23 April 2025

After much bureaucratic wrangling, Jonathan was finally allowed to take the written part of the Italian Driver's License Test this morning in Lucca. He has been preparing for the test by memorizing all the various road rules, road signs, marked and unmarked speed limits, etc. and as we drive around in town he has been pointing out all the many different ways that the drivers around here are regularly and shamelessly flouting the law. We have started turning to each other and saying "Citizen's arrest! Citizen's arrest!" like we're in an episode of the Andy Griffith Show.


But I am happy to report that he passed the written test this morning with flying colors and now gets to begin taking the practical on-street driving lessons. This should be fun.

16 April 2025


 In the book that I am writing about our life here, I am calling the pub "L'Arcobaleno" -- "The Rainbow."

15 April 2025

 Aiden and Meghan's baby has arrived -- a month early and very small, but breathing on his own and in general being a champ. He didn't cry when he was born, but, as Aiden said, "took it straight." 

They are all still in the hospital, hoping to be able to go home in not too many more days. I offered, of course, to fly there immediately, but for now the three of them are happy just being their own new little family. And Aiden is sending lots of pictures, none of which I am allowed to post anywhere public. So here is a picture of him instead.

I remember a thousand moments of his baby- and childhood -- a thousand moments that he doesn't remember now, but that I will never forget. He was my little boy and now he has a little boy of his own. Time passes and we all grow up. But there is a tiny part of me that lives forever in his childhood.

12 April 2025

Driver's License Update: 

To recap, Jonathan has a valid Swiss driver's license, which -- BY INTERNATIONAL TREATY -- can be exchanged for an Italian driver's license. We tried to do this exchange for about TWO YEARS. 

We failed. 

A rather fussy man in an office in Lucca refused (repeatedly) to grant Jonathan an Italian driver's license because the Swiss one came from exchanging an American license. So Jonathan eventually was reduced to having to take driving lessons, written and practical, with every teenager in Pietrasanta. He is the only one in class who ever takes notes.

The instructor at Jonathan's driving school told him on Wednesday that someone dropped out and there was an opening to take the written test next week and that Jonathan could sign up if he wanted. Jonathan, who has been studying very assiduously, said he would like to go ahead and take the test. 
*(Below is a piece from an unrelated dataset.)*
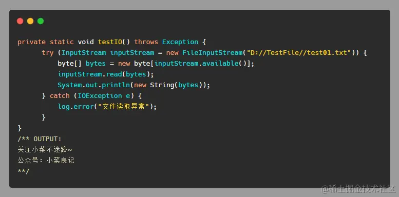 我们得借助一个 byte 数组来接收读取到值,然后转为字符串类型。
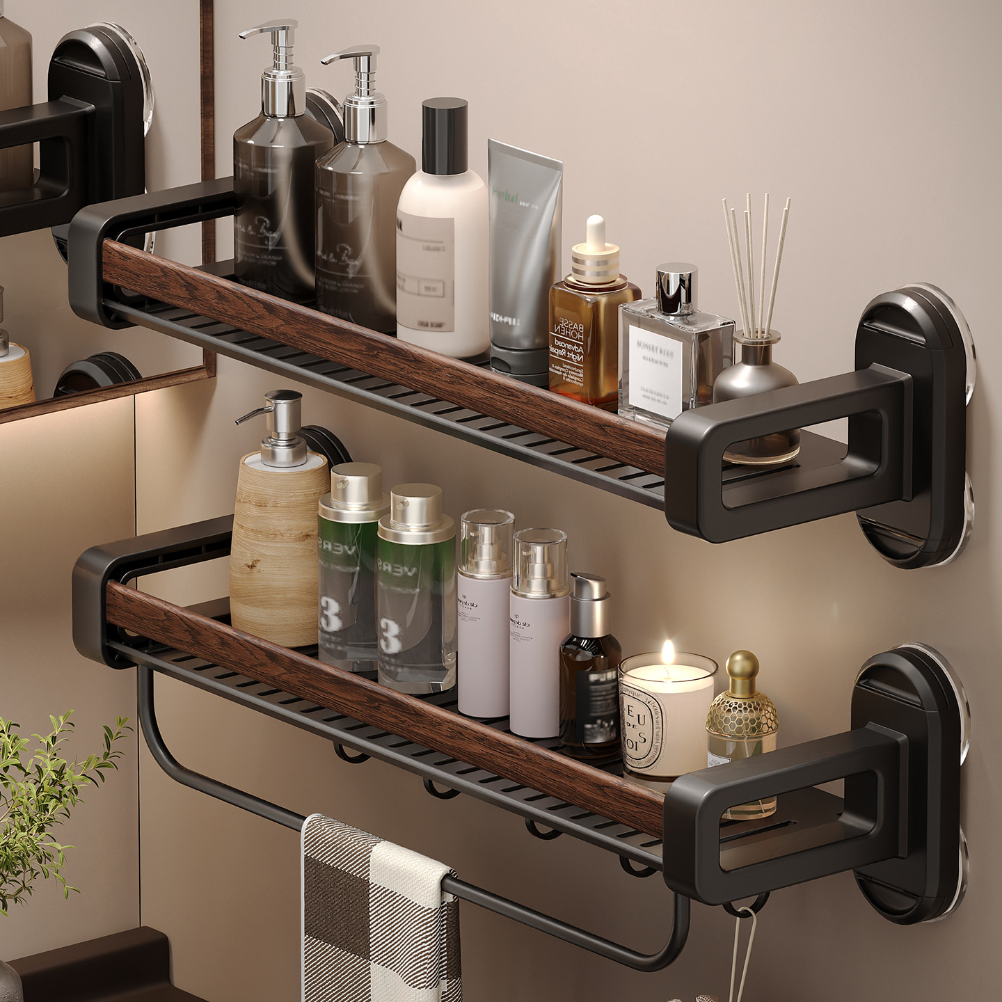 胡桃木新款双吸盘厨房置物架多功能免打孔壁挂墙上调料品收纳架子

On Thursday, Jonathan had to have his eyes officially checked and present an official photograph of himself and fill out many official forms and pay many official fees.
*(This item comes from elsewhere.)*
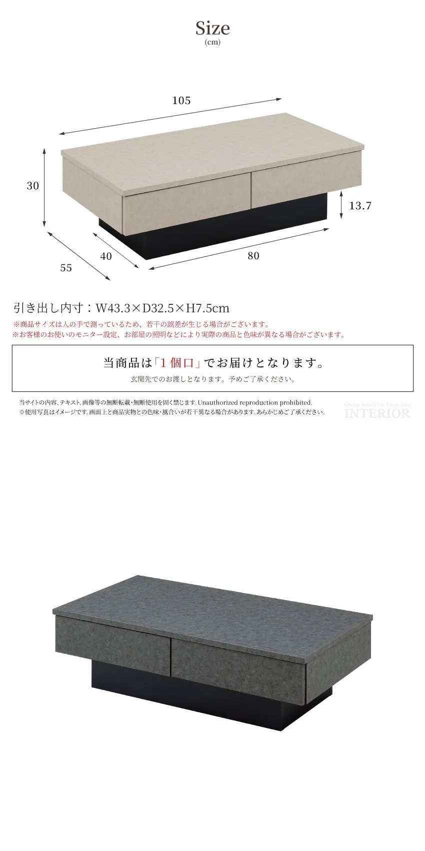 | 幅105×奥行55×高さ30cm 引き出し内寸:幅43.3×奥行32.5×高さ7.5cm |

On Friday, the driving school entered his name into "the system" to register for the test this coming week. All should be good.

But, no. 

"The system" has now flagged Jonathan as an "anomaly" because he already has a Swiss license (which "the system" knows about from his previous attempt to exchange it) and so should not have to take the test, but merely exchange his license. In fact, he is not allowed to take the test next week. Maybe ever.

We are having fun.

09 April 2025

Three mornings a week, Jonathan goes to town and takes classes for the Italian driver's license test while I stay home and write. If the weather is nice, he goes on his bike, but on rainy days, he takes the car. He says it makes him feel awkward to drive up to his driving lessons, but that's where we are now. He will take the written test in a couple of weeks and then he gets to begin his practice driving, which should be fun. The driving school has special practice cars with brakes on the passenger's side for the instructor to use as well as on the driver's side. My boys took driving lessons in cars like that back in Colorado. I remember Aiden having one session with a clearly spooked instructor who had spent one too many hours with teenagers learning how to merge onto a highway at high speed by doing it. "Well," Aiden said when I picked him up, "I was just a passenger in that car." I think about that man sometimes now and hope he is doing well.

Next week we will go to Viareggio to sign another one-year rental contract for this house. We came here thinking that it would only be for a few months. That was three years ago.

But the fourth year will be the last. We began last night to look on the on-line real estate sites for houses around here to buy. One of them was described as "rustic" and, from the pictures, was lacking a roof. I would have called that "very rustic." We never thought we would own a house again, but it looks like we were wrong. It wouldn't be the first time.

06 April 2025


Jonathan had another out-patient operation on Friday to remove a lump under his left arm to be biopsied. We stopped by the pub on our way to the hospital to show Daniele and Alice the t-shirts we had made with my drawing of the pub on them. Daniele offered us a coffee but we told them we couldn't stop because we were on the way to the hospital for Jonathan to have a lump removed.

"Another one?" Alice said to me. "You're going to have to get a new husband."

"Not now," I said. "Not when I've got this one almost perfected."

Jonathan had local anesthesia so that he was awake for the procedure itself. They carefully draped a curtain, though, between his eyes and his arm.

"Do you put the curtain there because people get scared if they look?" he asked the surgeon.

"Oh, no," the surgeon said. "We don't want you to see what we're doing because then you would just do it yourself the next time."




It turns out that we needed some headshots. These things happen.